School buses are one of the largest public transit systems in the U.S. and the people they carry are often the youngest students. Electric buses have a lot going for them: no diesel fumes for students and lower operating costs over the life of the bus, but their up front cost difference has limited their takeoff in school districts.
To give you an idea of the scale of the most recent funding: before 2022, the World Resources Institute — an organization that works with school to move towards electric buses estimates the grand total for electric school bus grants, both state and federal, totaled just over $400 million, more than half of that awarded in California. On the other end, there's an estimated 500,000 school buses in the U.S. So this both an huge increase and a drop in the bucket of switching over buses.
This big move was the foundation of a story I published recently on some key decisions in front of school districts as they considered this funding. It's about very different models of thinking about how school operates its buses including some ones look like a traditional bus fleet but aren't:
Among these new leasing models is one offered by Highland Electric, a Massachusetts company that inked a deal with Montgomery County Public Schools (MCPS) in 2021 for what will become the largest deployment of electric school buses.
The Washington, D.C. suburb’s 1,300 bus fleet covers a sprawling district with five bus depots. As of the beginning of this school year MCPS has 22 electric buses on the road, and expects to have 66 more delivered by the end of the year.
Under the deal, Highland purchases and owns the buses, is responsible for the maintenance, as well as installing and managing the charging infrastructure. MCPS pays a yearly fee under a four-year contract, with the option to continue.
MCPS also plans to convert their entire fleet this way in 12 years. But after talking to multiple school districts who had applied for the rebates, I began to get a sense of their priorities and why this model may or may not work for them. Transportation directors at these districts are thinking about all kinds of practical and financial implications.
The program was so popular that each of the school districts I spoke to, in three different states, didn't receive an rebate. But almost 400 districts or other organizations did, adding up to almost 2,500 diesel buses replaced.
You can see a full list of the districts awarded rebates here.
There's still $4 billion left to distribute across the next four years. So if you have a kid in school, its increasingly likely they'll be riding an electric bus there.
Last week I asked on Instagram what questions you had on electric school buses. Here's what readers wanted to know:
Is federal money available for a lease? I usually understand fed $ for capital stuff.
The short answer is no, a fully-leased model was not eligible for this round of federal funding. There is one big caveat: companies that school districts contract with to provide bus service could apply for electric buses to be used within the school district, with the condition that an equivalent number of diesel buses be scrapped and they run them on behalf of the school district for at least five years.
Will they require retraining drivers?
Not officially, although I suspect a short course on ways of driving most efficiently on an electric vehicle would be helpful. One school district I spoke to actually held feedback sessions with their bus drivers ahead of putting in their rebate application. Among other things, the drivers preferred an electric bus model that included a front nose — that felt more familiar and safe for them to drive. But that might not be the case in districts where they have had flat-faced buses for a long time.

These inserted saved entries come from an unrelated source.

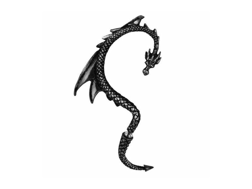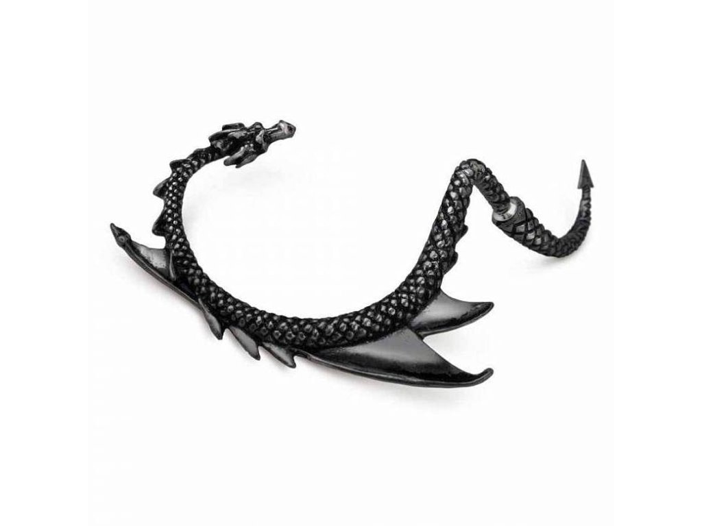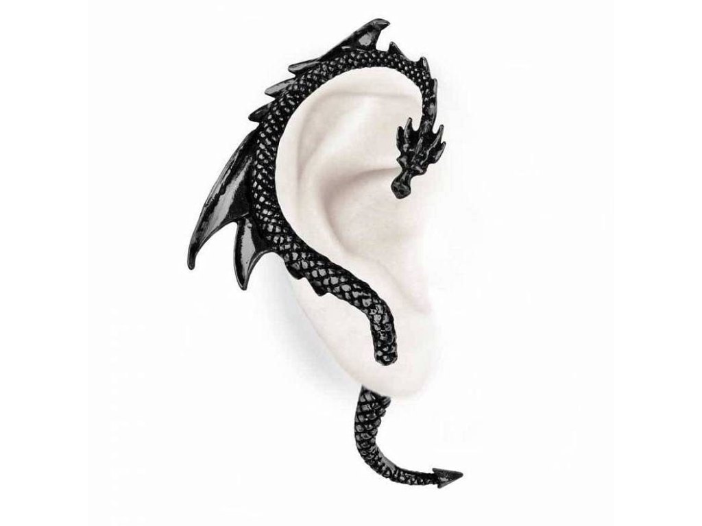 Limitovaná černá edice unikátní pewterové náušnice tvaru draka, který se obtáčí okolo ušního lalůčku a prochází skrze něj. Náušnici lze nosit pouze na pravém uchu. Délka od spoje k hornímu ohybu draka je cca. 6 cm. Jedná se o klasickou náušnici, nikoli roztahovák. Drak má sundávací ocásek, který se nasazuje z druhé strany dírky.materiál: kvalitní anglický cín
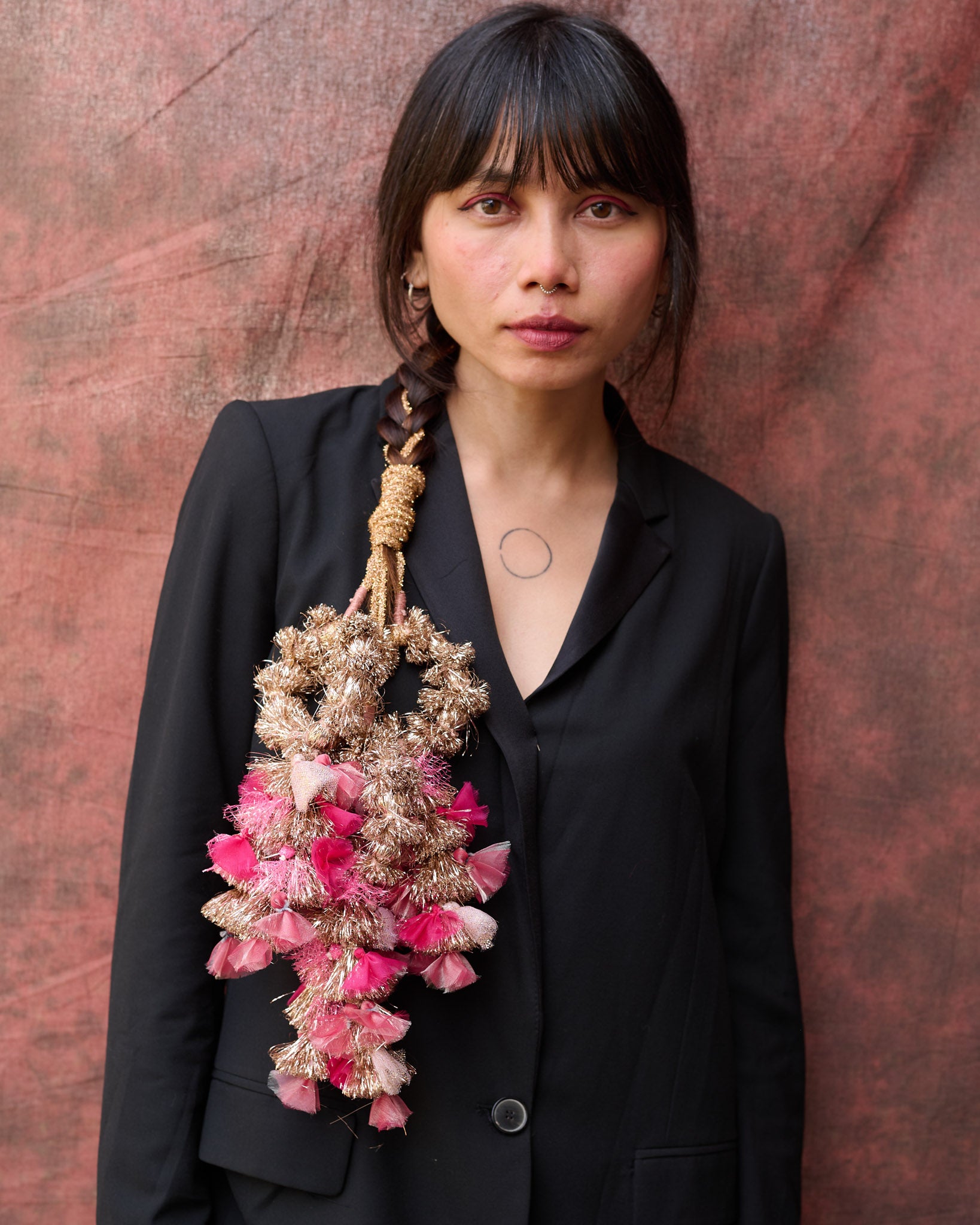 A bunch of gold and beige tassels tied attached together with cowries and ghungroos to create a parandi for the boho in you.
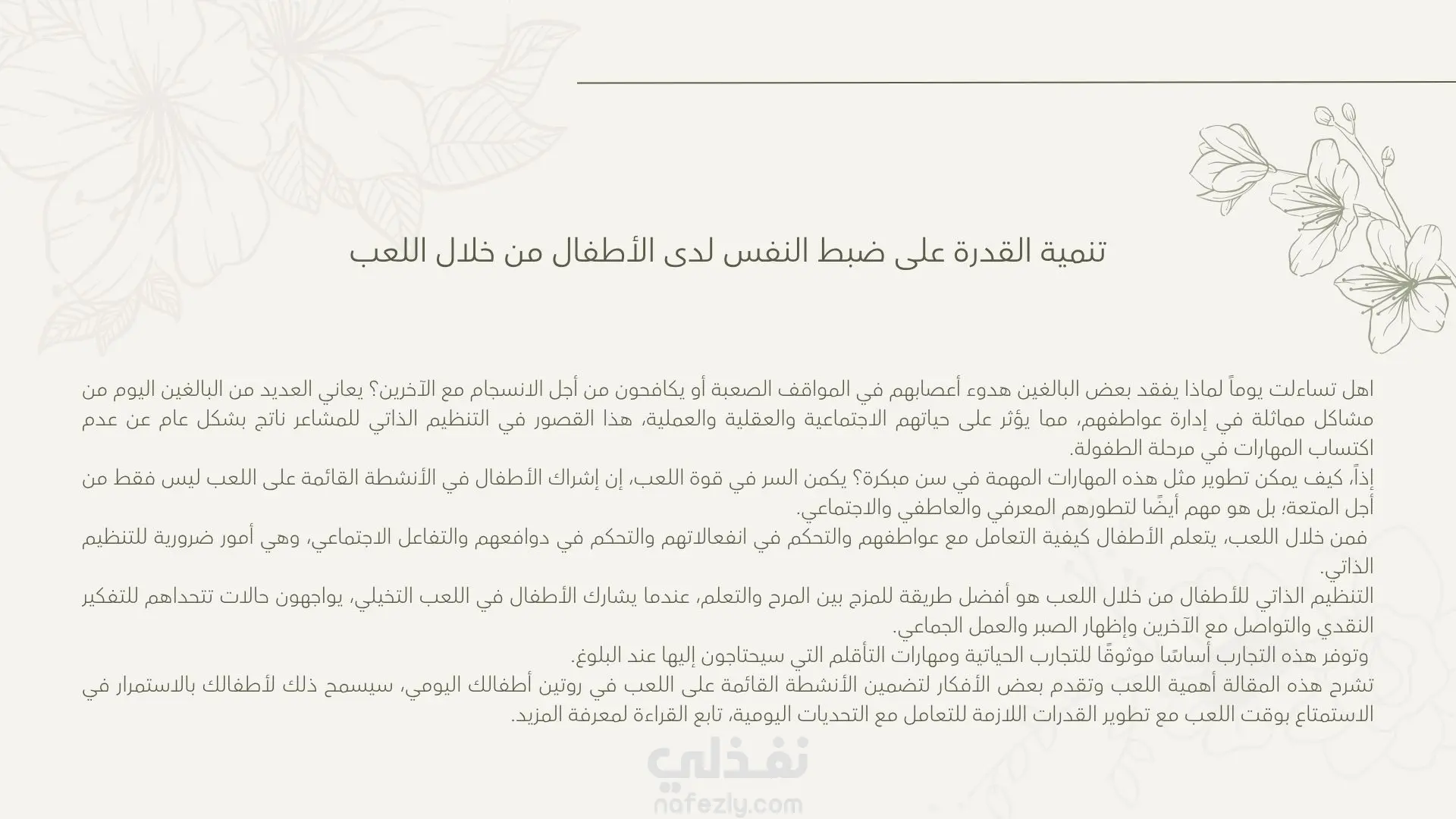 تنمية القدرة على ضبط النفس لدى الأطفال من خلال اللعب

How can we support districts to order/procure them?
At the moment, probably the best thing you can do for school districts is make them very aware of opportunities to apply for the next $4 billion of funding as they come up, as well as some of the alternative models that don't need the same up-front capital funding approval.
The up-front cost difference between an electric and diesel bus remains larger than many districts are willing or able to swing. (Both the federal funding and the alternative models are trying to play into economies of scale to start to bring that cost down.) Ultimately, paying for electric school buses (and any savings they recoup from operating costs or electricity benefits) is a financial priorities question for each district.

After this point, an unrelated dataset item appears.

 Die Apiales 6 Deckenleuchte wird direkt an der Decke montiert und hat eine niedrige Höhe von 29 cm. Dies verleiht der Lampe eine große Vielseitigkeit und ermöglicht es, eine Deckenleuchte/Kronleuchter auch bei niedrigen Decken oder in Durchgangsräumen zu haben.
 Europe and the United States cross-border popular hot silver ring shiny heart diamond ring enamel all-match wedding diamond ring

The other element that I touched on in the story was how school districts needed to prepare to have electric school buses. While range is primary an issue outside of day-to-day use (say, driving to a different town for high school sports, field trips), schools will need some technical assistance to set up chargers and plan routes in the most efficient way. Residents who want to lobby to bring electric buses to their district can also point out this is part of that transition.